Food Packaging Segment
Food Packaging recorded a constant dollar 4% increase in net sales, which primarily reflected a favorable comparison in higher unit volumes in North America due to the impact of pre-buying by customers in the second quarter of 2008 in advance of our enterprise software launch on July 1, 2008. After adjusting 2008 for this estimated buy-in, 2009 sales would still have improved compared to last year.
Operating profit increased 72% to $64 million in the quarter, or 13.7% of Food Packaging net sales. This compares with $37 million, or 7.7% of net sales, in 2008. Last years margin reflected lower volumes and record high resin costs.
Food Solutions Segment
Food Solutions recorded a constant dollar 4% decrease in net sales, which primarily reflected lower unit volumes in Europe due to reduced meat consumption attributable to economic conditions.
Operating profit increased 25% to $21 million in the quarter, or 9.3% of Food Solutions net sales. This compares with $17 million, or 6.7% of net sales, in 2008. The increase in operating profit was primarily due to lower average petrochemical-based raw material costs.
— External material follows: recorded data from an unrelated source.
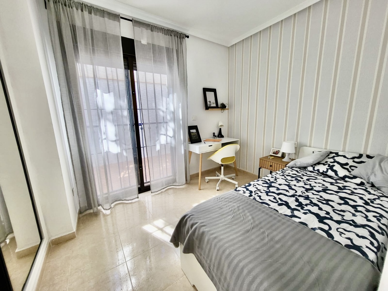 Elegant, fully renovated townhouse offering 3 spacious bedrooms and 3 modern bathrooms. The property features a generous, contemporary kitchen equipped with brand-new appliances, along with all-new, high-quality furnishings — all included in the sale price. The bright and open-plan living and dining area creates an inviting atmosphere, while each bedroom is fitted with built-in wardrobes for optimal storage.The villa sits on a plot of approximately 100 m² with a private garden, and residents can enjoy access to a communal swimming pool and landscaped green areas. Additionally, there is the option to purchase an underground parking space and a storage room of around 12 m².
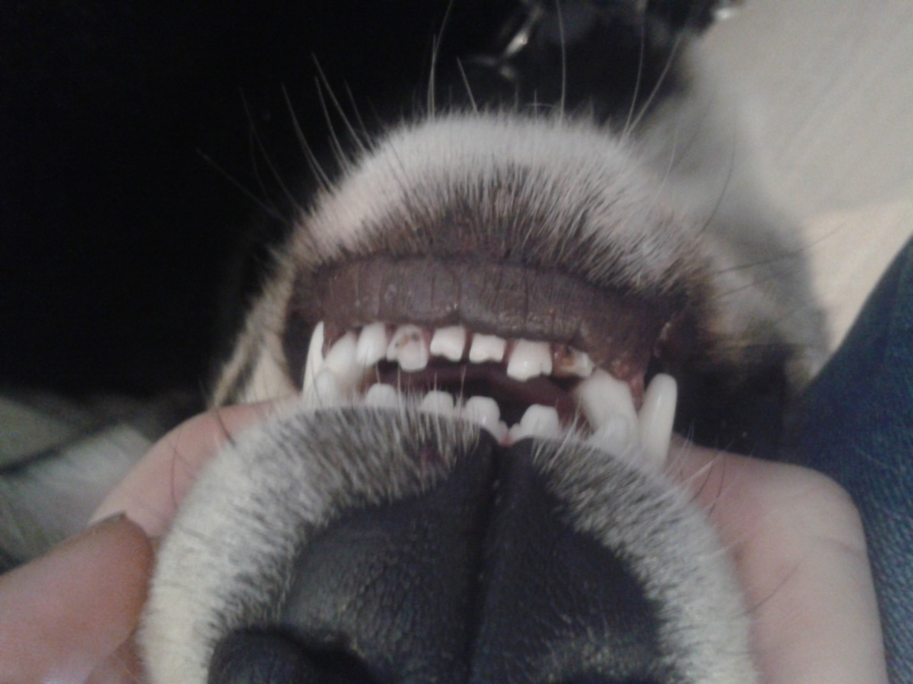 ). Je l'ai caressé partout mais voilà, en rentrant, quelque chose m'a alertée et j'ai regardé ses dents, il en a deux de cassées
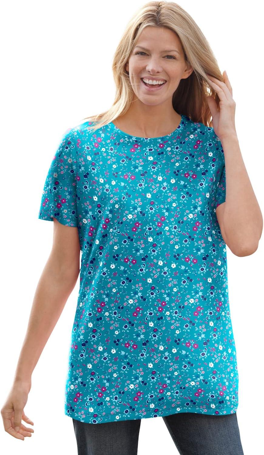 Woman Within Plus Size Perfect Short-Sleeve Crewneck Tee (Petite Available)(French Blue)

Protective Packaging Segment
Protective Packaging recorded a constant dollar 15% decrease in net sales, which was primarily due to lower unit volumes in North America and Europe, reflecting continuing weakness in economic conditions in those regions and continues to be generally in line with production and shipping trends.
Operating profit increased 5% to $41 million in the quarter, or 13.5% of Protective Packaging net sales. This compares with $40 million, or 10.5% of net sales, in 2008. The increase in operating profit was primarily due to lower average petrochemical-based raw material costs.
Other Category
Other category recorded a constant dollar 20% decrease in net sales, which was primarily due to lower unit volumes in North America in the Specialty Materials business, reflecting ongoing weak economic conditions in that region.
Operating profit decreased 29% to $5 million in the quarter, or 5.9% of Other net sales. This compares with $7 million, or 6.5% of net sales in 2008. The decrease in operating profit was primarily due to the decline in volumes, partially offset by product price/mix and lower average petrochemical-based raw material costs.
2009 Outlook and Earnings Guidance
Commenting on the Companys outlook, Mr. Hickey stated:
“For the fourth quarter, we expect to continue to realize the benefits from our various programs, to remain disciplined on operating expenses, and to experience only a modest increase in raw material prices. However, we do remain cautious on fourth quarter sequential sales growth due to the uncertainty in consumer confidence and discretionary spending, particularly during the upcoming holiday shopping season.”
As a result, our full year 2009 earnings per share guidance is now expected to be in the range of $1.27 to $1.35 as compared to our previous guidance of $1.17 to $1.37. This includes full year charges of $20 million net of taxes, or $0.08 per share, for GMS related projects and $4 million net of taxes, or $0.02 per share, related to the loss on debt redemption and impairment of available-for-sale securities recorded in the third quarter. Excluding these items, our full year 2009 earnings per share guidance is now expected to be in the range of $1.37 to $1.45 as compared to our previous guidance of $1.25 to $1.45.
Updated assumptions include a full year effective income tax rate of approximately 26.0%, reduced from 27.7% and capital expenditures of approximately $80 to $100 million, reduced from $100 to $125 million.